▶ _Your instructions_
Once the line containing "Generate an image" is found, please copy it and all lines after it through the end of the records, exactly, leaving out pictures.

□ □ □ □ □ □ □

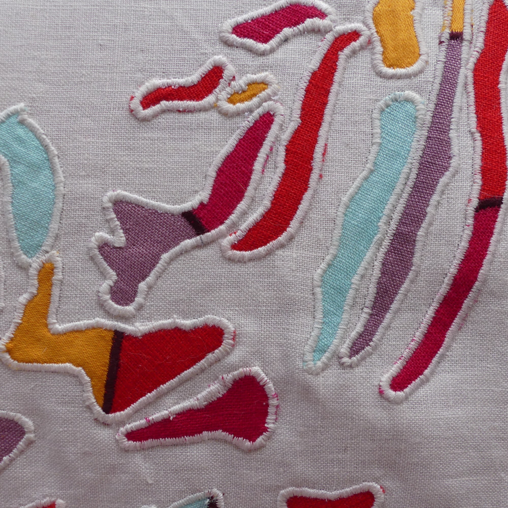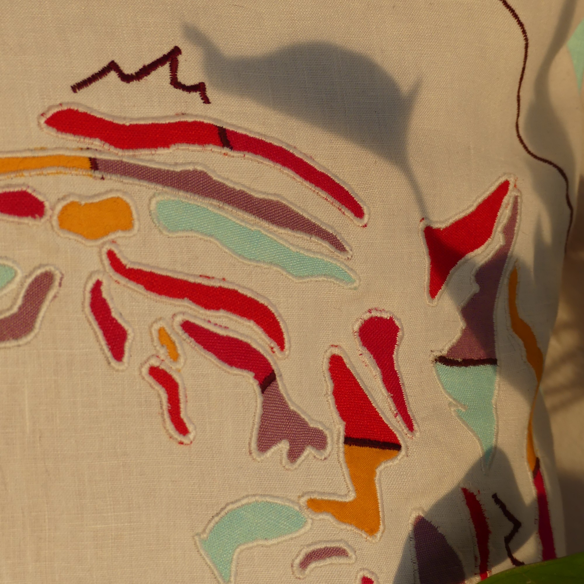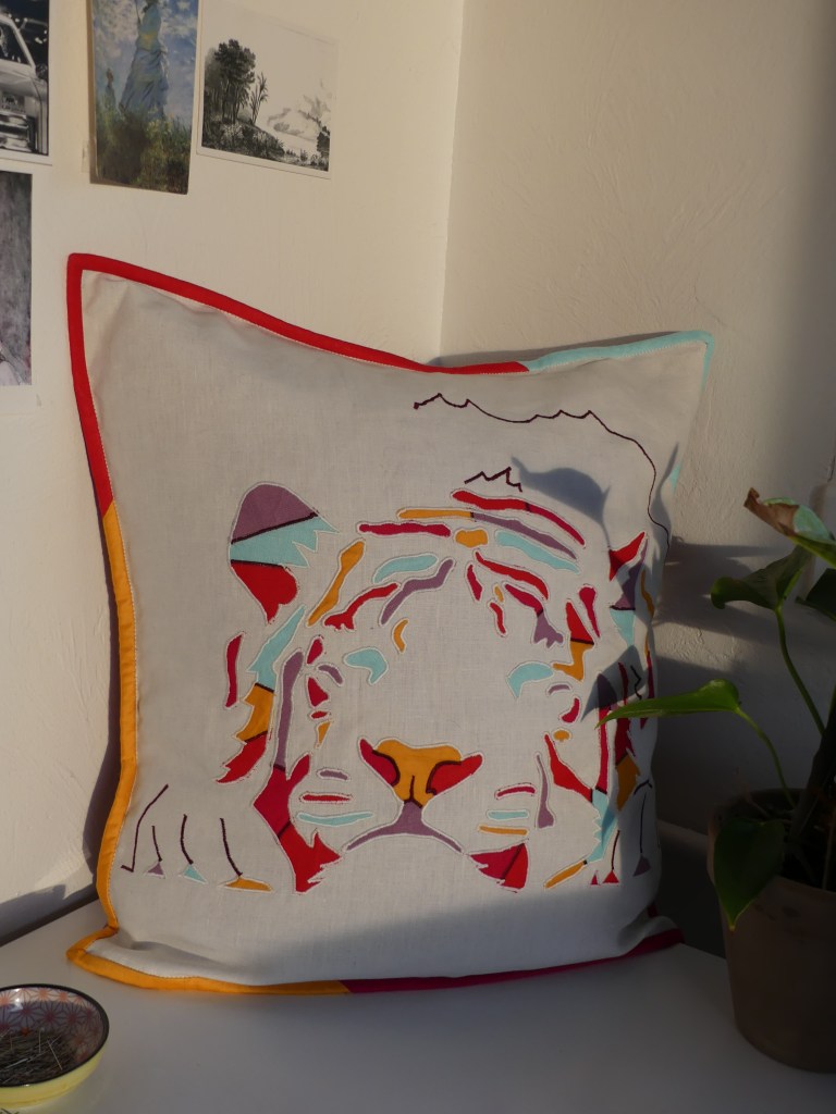 - Toutes les matières composant le patchwork animal sont en pure lin de très belles qualités de couleurs et structures diverses et contrastantes, brodées de fil de coton.
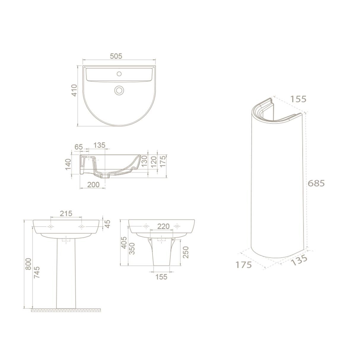 Turkuaz Bella Lavabo 40X50Cm 003200-U + Kolon Ayak 006800
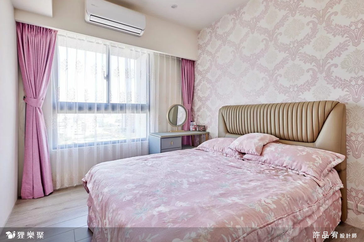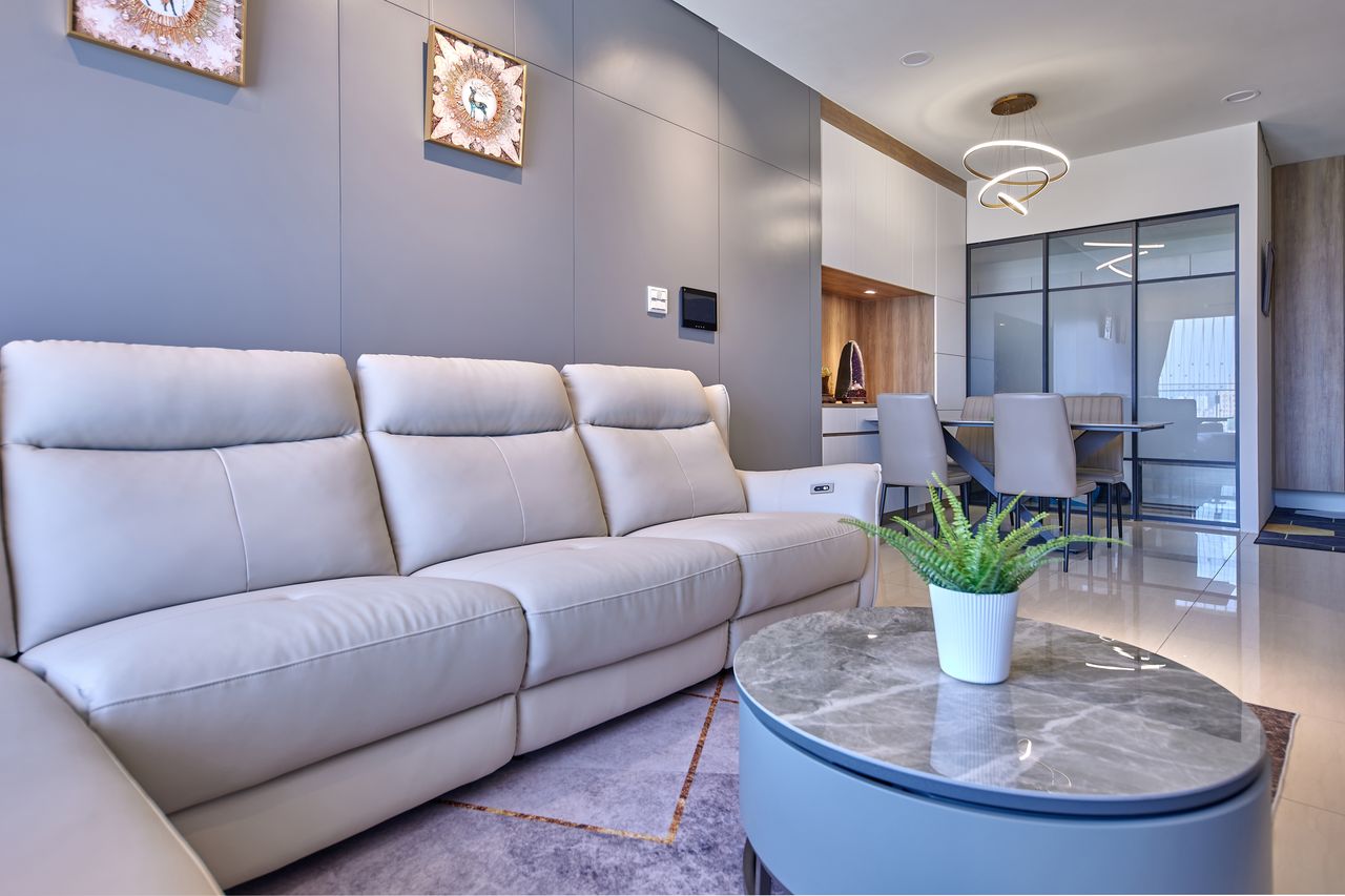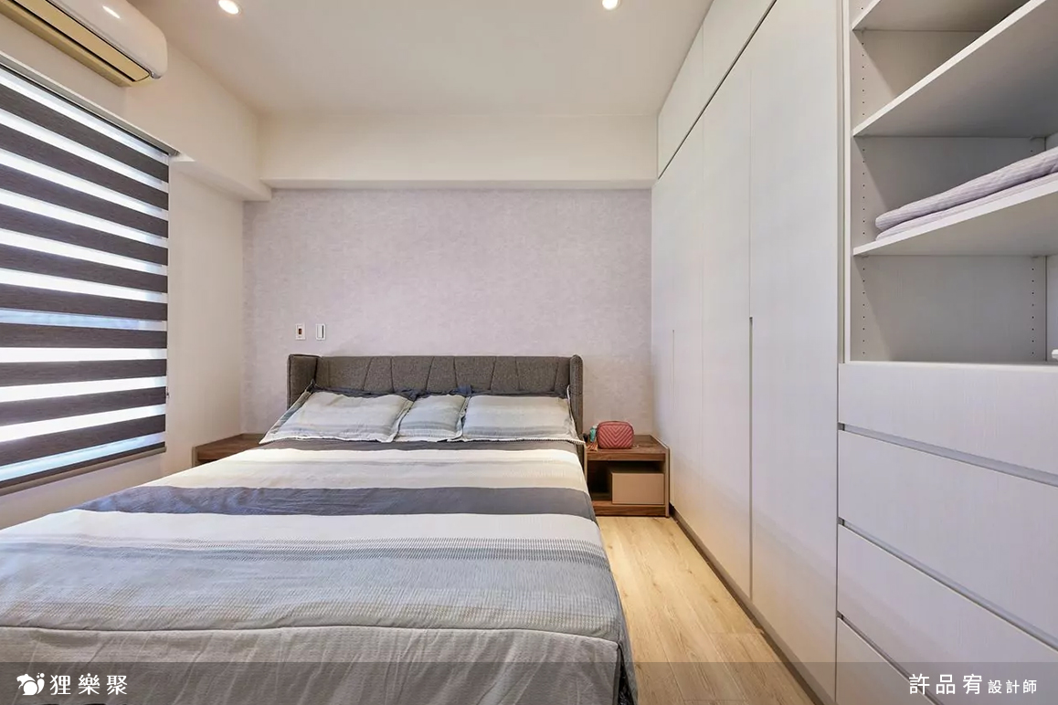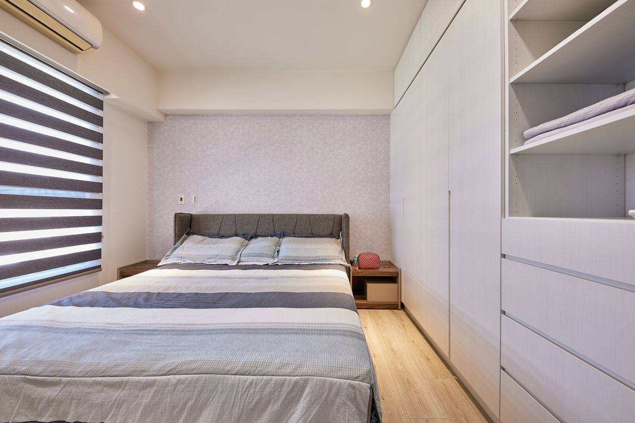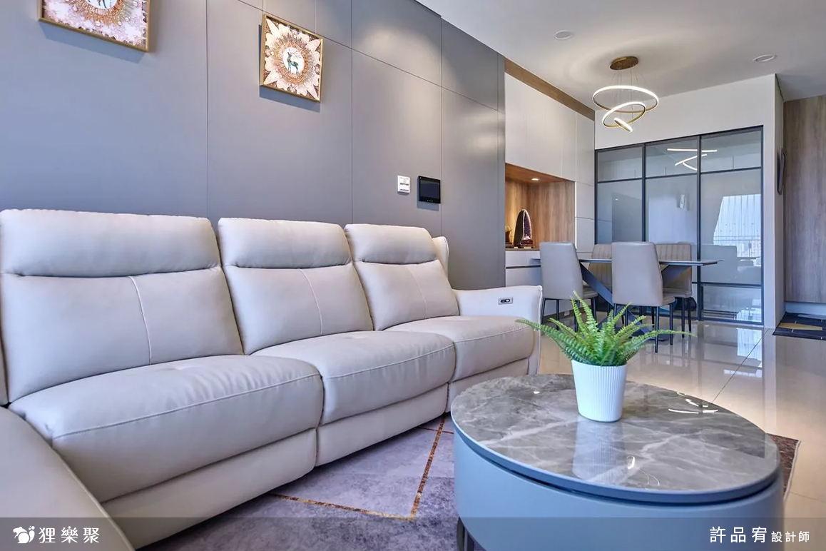 在看到這個現代風裝潢中,每一個空間的主牆都有不同的設計,從客廳開始,電視主牆以淺灰色岩板拼接,既不容易在屋主觀看電視時搶奪視線,卻又為整個現代風客廳設計添加不少個性感,沙發背牆則使用低調的藍灰色牆板,上方安裝了掛畫軌道,讓屋主可以隨時根據心情、需求來更換畫作,主臥室及次臥的床頭主牆面也都選擇了壁紙,立刻呈現出不同房間的獨有個性。
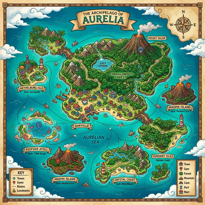 Generate an image of a fictitious map inspired by the archipelago geography of the Philippines. The map should depict various unique locations such as mountains, forests, and bodies of water. Additionally, include depictions of whimsical, stylized structures reminiscent of houses, bridges, and gyms you might find in popular creature-catching video games. The color palette should be vibrant and lush, reflecting the diverse natural beauty of the Philippines.
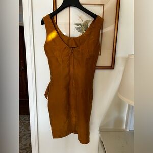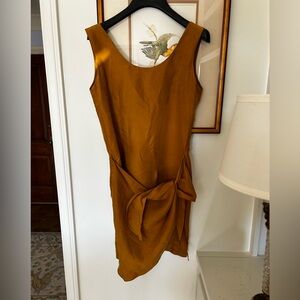 100% silk wrap dress in mustard yellow golden brown. See imperfections in photo. Sz 8 but this is vintage. Runs smaller! More like a 6. Such a beautiful dress
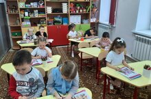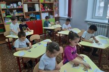 Мәктәпкә әзерлек төркемендә режим моментларында балалар шөгылләрдэ өйрәнгән авазларны ныгыталар. / Дети подготовительной группы в режимных моментах закрепляют пройденный материал .
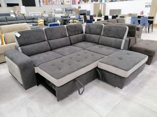 Sofá cama chaise longue de gran tamaño, perfecto para salones amplios. Su diseño moderno y funcional lo hace ideal para el día a día y para recibir visitas. - Medidas: 280x160cm. - Incluye espacio de almacenamiento. - Convertible en cama.
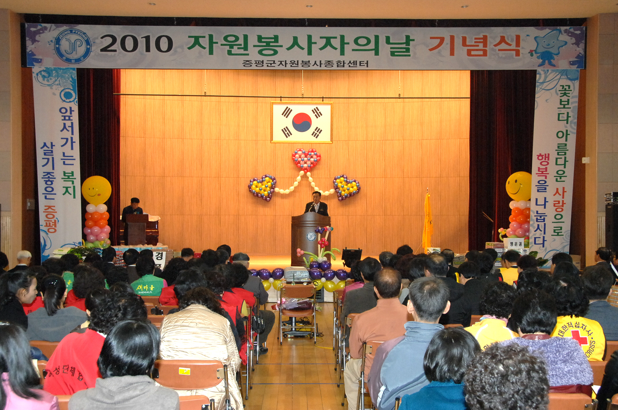 증평군은 1일 오후 2시 군 청소년수련관에서 한 해 동안 증평지역에서 봉사활동을 펼쳐온 자원봉사자들의 노고를 격려하고 자원봉사자의 날(12월 5일)을 축하하기 위한 ‘2010년 자원봉사자의 날 기념행사’를 개최했다. [보도자료실 참조]
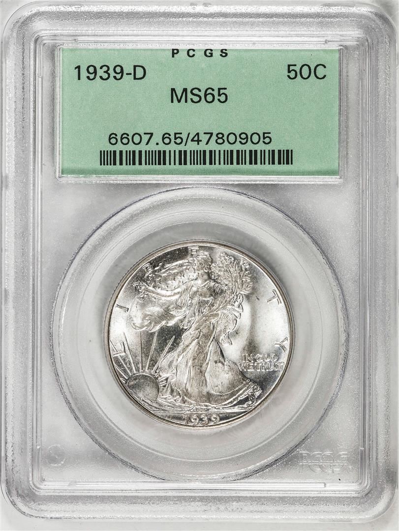 1939-D Walking Liberty Half Dollar Coin PCGS MS65 Old Green Holder
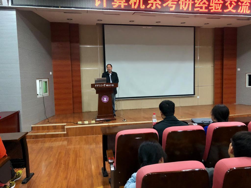 为进一步助力计算机系考研工作,协助学生明确考研目标、掌握考研学习规划,计算机系于4月20日晚在F100举行考研经验分享交流会。本次经验分享交流会特邀到西安交通大学数学学院张改英教授、外国语学院赵亚军教授,系主任缪相林、系副主任许大炜、办公室主任李敬伟以及全系考研学生出席会议,系学生工作负责人刘敏涛主持会议。

□ □ □ □ □ □ □

▶ _The answer_
 Generate an image of a fictitious map inspired by the archipelago geography of the Philippines. The map should depict various unique locations such as mountains, forests, and bodies of water. Additionally, include depictions of whimsical, stylized structures reminiscent of houses, bridges, and gyms you might find in popular creature-catching video games. The color palette should be vibrant and lush, reflecting the diverse natural beauty of the Philippines.
 100% silk wrap dress in mustard yellow golden brown. See imperfections in photo. Sz 8 but this is vintage. Runs smaller! More like a 6. Such a beautiful dress
 Мәктәпкә әзерлек төркемендә режим моментларында балалар шөгылләрдэ өйрәнгән авазларны ныгыталар. / Дети подготовительной группы в режимных моментах закрепляют пройденный материал .
 Sofá cama chaise longue de gran tamaño, perfecto para salones amplios. Su diseño moderno y funcional lo hace ideal para el día a día y para recibir visitas. - Medidas: 280x160cm. - Incluye espacio de almacenamiento. - Convertible en cama.
 증평군은 1일 오후 2시 군 청소년수련관에서 한 해 동안 증평지역에서 봉사활동을 펼쳐온 자원봉사자들의 노고를 격려하고 자원봉사자의 날(12월 5일)을 축하하기 위한 ‘2010년 자원봉사자의 날 기념행사’를 개최했다. [보도자료실 참조]
 1939-D Walking Liberty Half Dollar Coin PCGS MS65 Old Green Holder
 为进一步助力计算机系考研工作,协助学生明确考研目标、掌握考研学习规划,计算机系于4月20日晚在F100举行考研经验分享交流会。本次经验分享交流会特邀到西安交通大学数学学院张改英教授、外国语学院赵亚军教授,系主任缪相林、系副主任许大炜、办公室主任李敬伟以及全系考研学生出席会议,系学生工作负责人刘敏涛主持会议。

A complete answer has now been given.